* TASK PROMPT
Starting with the opening line of the entries below, transcribe each line exactly up to and including the one that has "A seafront apartment, clean, quiet"; pictures are not copied.

- Opening Delimiter -

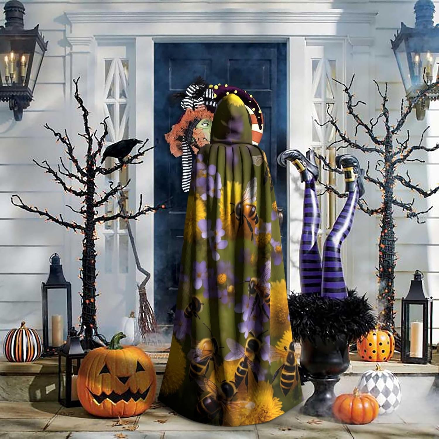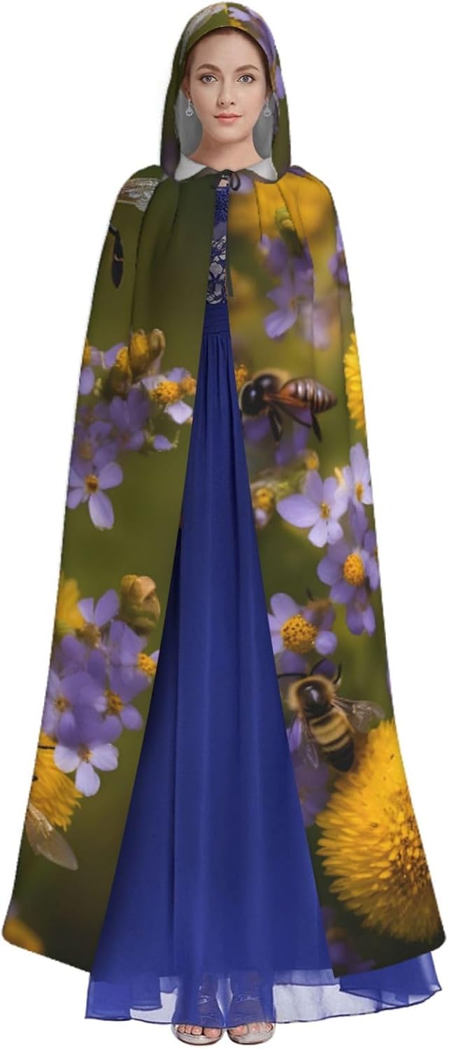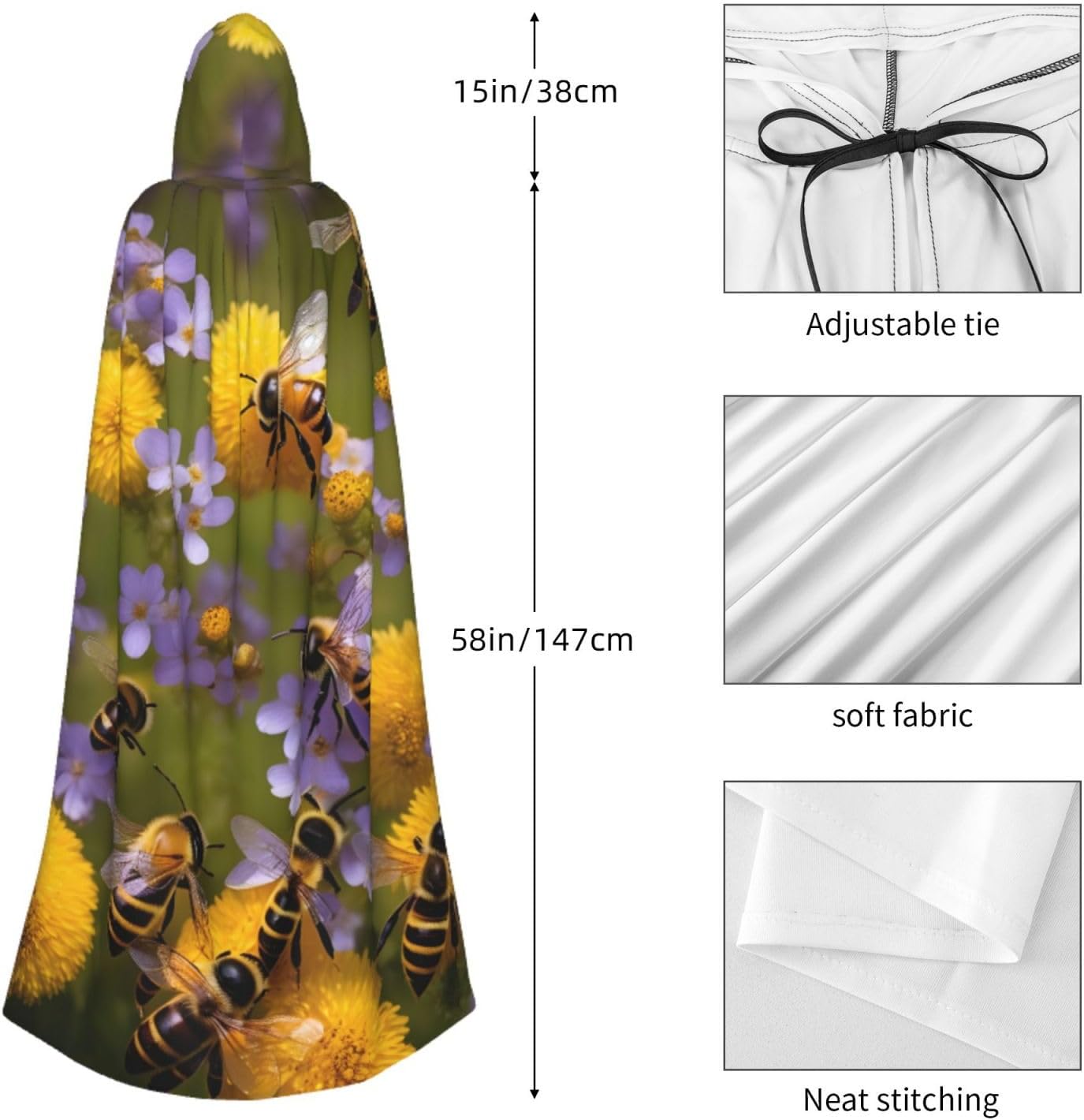 Il mantello con cappuccio per Halloween è realizzato con tessuto in poliestere morbido anche sulla pelle, prevenendo qualsiasi irritazione. Il mantello presenta un ampio cappuccio e uno stile annodato senza cerniere per un design sofisticato ed elegante. Con la sua dimensione universale, offre una copertura completa, adatta a tutti, assicurandoti di distinguerti tra la folla. Questo mantello rurale con stampa di api selvatiche non è solo per Halloween; è abbastanza versatile per cosplay, spettacoli teatrali, balli in maschera, feste a tema e molto altro ancora.
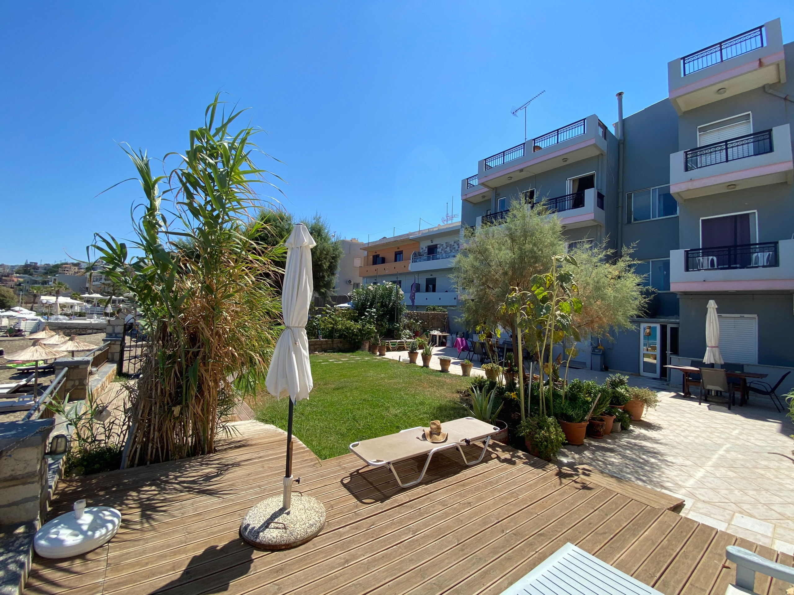A seafront apartment, clean, quiet and private, immediate access to the garden, street side backdoor, 1 double and 2 single beds, large kitchen, ac, tv, wc, high speed wifi (VDSL), laptop friendly workspace, direct access to the beach and a pleasant 20-25min walk from city centre.
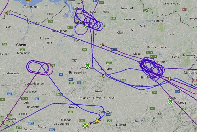 Samoloty, które zmierzały na brukselskie lotnisko, zostały zawrócone. Część cały czas krąży w pobliżu. Tak wyglądał ten moment na Plane Finder (stronie, która zajmuje się monitorowaniem lotów).
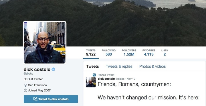 9. 在写这条推的时候,Dick Costolo 的 Twitter 上仍然挂着 Twitter CEO 的职位。
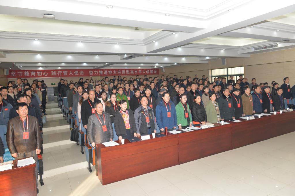 上午8时30分,大会在庄严的国歌声中隆重开幕。徐成钢代表学院党委和行政作《坚守教育初心 践行育人使命 奋力推进地方应用型高水平大学建设》的工作报告。
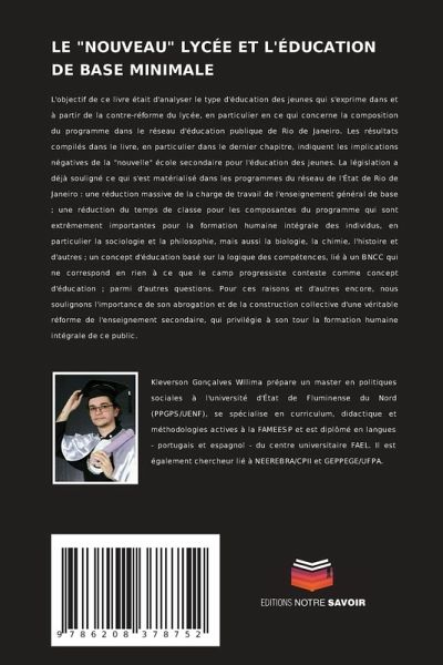 L'objectif de ce livre était d'analyser le type d'éducation des jeunes qui s'exprime dans et à partir de la contre-réforme du lycée, en particulier en ce qui concerne la composition du programme dans le réseau d'éducation publique de Rio de Janeiro. Les résultats compilés dans le livre, en particulier dans le dernier chapitre, indiquent les implications négatives de la "nouvelle" école secondaire pour l'éducation des jeunes. La législation a déjà souligné ce qui s'est matérialisé dans les programmes du réseau de l'État de Rio de Janeiro : une réduction massive de la charge de travail de l'enseignement général de base ; une réduction du temps de classe pour les composantes du programme qui sont extrêmement importantes pour la formation humaine intégrale des individus, en particulier la sociologie et la philosophie, mais aussi la biologie, la chimie, l'histoire et d'autres ; un concept d'éducation basé sur la logique des compétences, lié à un BNCC qui ne correspond en rien à ce que le camp progressiste conteste comme concept d'éducation ; parmi d'autres questions. Pour ces raisons et d'autres encore, nous soulignons l'importance de son abrogation et de la construction collective d'une véritable réforme de l'enseignement secondaire, qui privilégie à son tour la formation humaine intégrale de ce public.
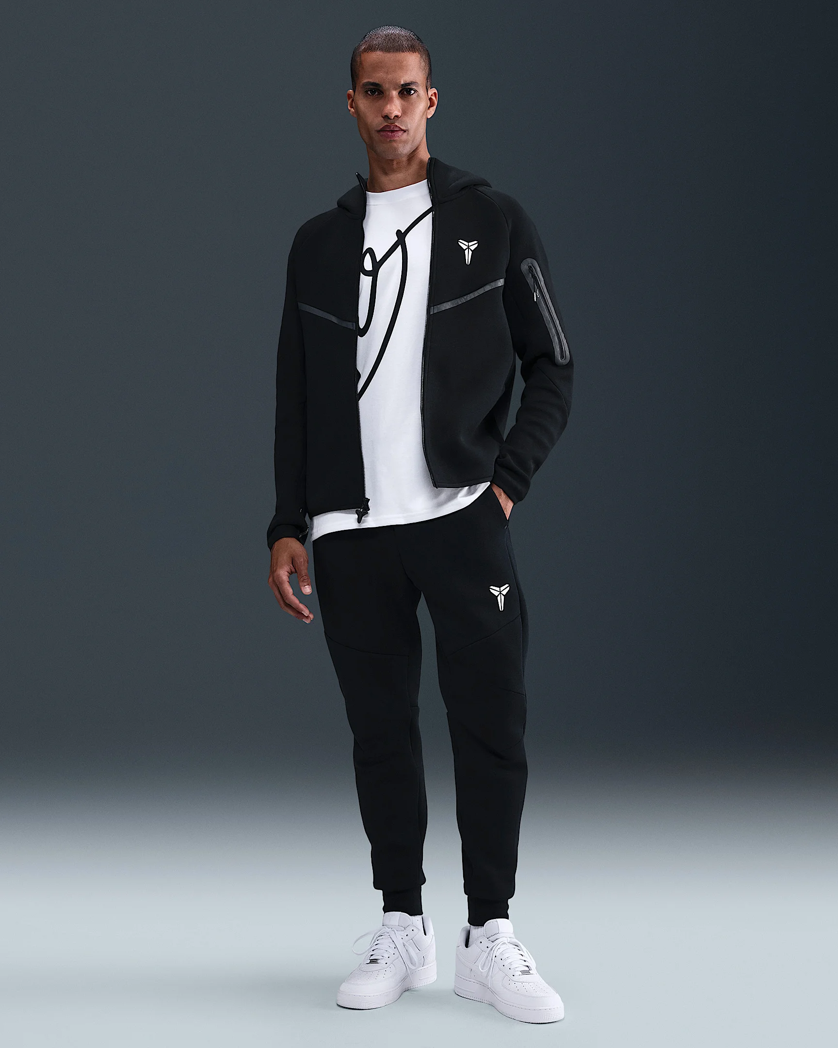 Nike’s signature Tech Fleece meets Kobe’s relentless spirit. These smooth knit pants remind you to always chase greatness, on and off the court. More Benefits - Side pockets and a vertical zippered pocket at the hip help keep your essentials secure. - The standard fit feels relaxed through the seat and thighs with a slight taper at the ankle. - Articulation at the knee allows ease of movement while serving a distinct Nike Tech aesthetic. Product Details - Ribbed cuffs - 53% cotton/47% polyester - Machine wash - Imported - Shown: Black/White - Style: IB2716-010 SIZE & FIT Standard fit: easy and traditional
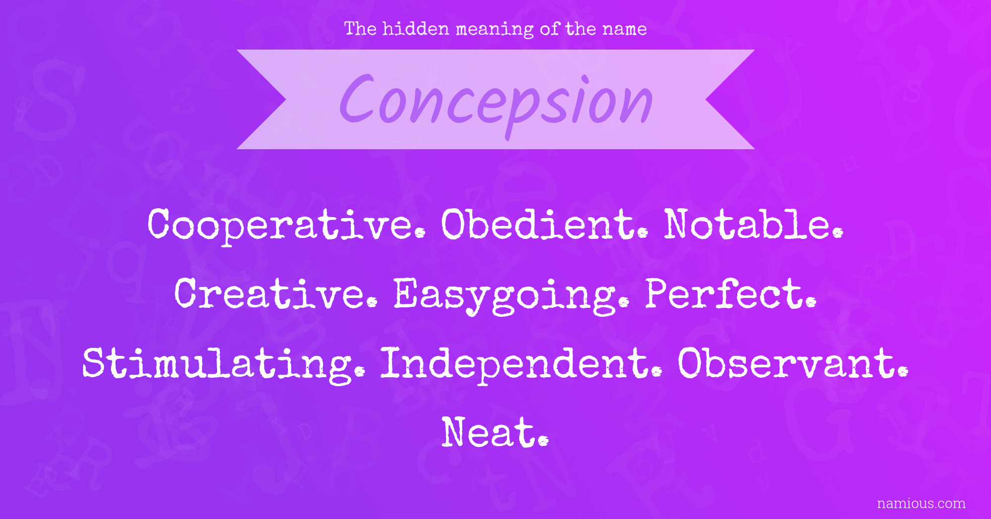 "Concepsion is a cooperative, obedient, notable, creative, easygoing, perfect, stimulating, independent, observant and neat person."
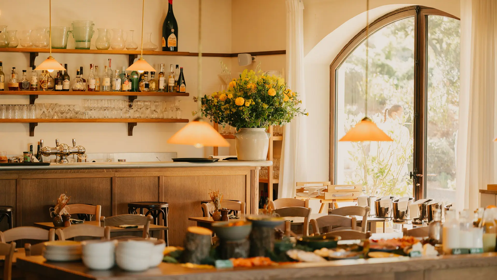 Le bar, ouvert toute la journée, est un lieu de rencontre où l’on savoure cocktails maison, vins locaux et boissons rafraîchissantes. À l’heure de l’apéritif, le spectacle du coucher de soleil face au village accompagne les premières bouchées, parmi lesquelles se distinguent la pizza à la truffe et d’autres délicieuses mises en bouche. C’est le moment idéal pour se détendre, partager un instant de convivialité et admirer la lumière dorée du Luberon.

- Closing Delimiter -

* RESULT FOR THIS TASK
 Il mantello con cappuccio per Halloween è realizzato con tessuto in poliestere morbido anche sulla pelle, prevenendo qualsiasi irritazione. Il mantello presenta un ampio cappuccio e uno stile annodato senza cerniere per un design sofisticato ed elegante. Con la sua dimensione universale, offre una copertura completa, adatta a tutti, assicurandoti di distinguerti tra la folla. Questo mantello rurale con stampa di api selvatiche non è solo per Halloween; è abbastanza versatile per cosplay, spettacoli teatrali, balli in maschera, feste a tema e molto altro ancora.
A seafront apartment, clean, quiet and private, immediate access to the garden, street side backdoor, 1 double and 2 single beds, large kitchen, ac, tv, wc, high speed wifi (VDSL), laptop friendly workspace, direct access to the beach and a pleasant 20-25min walk from city centre.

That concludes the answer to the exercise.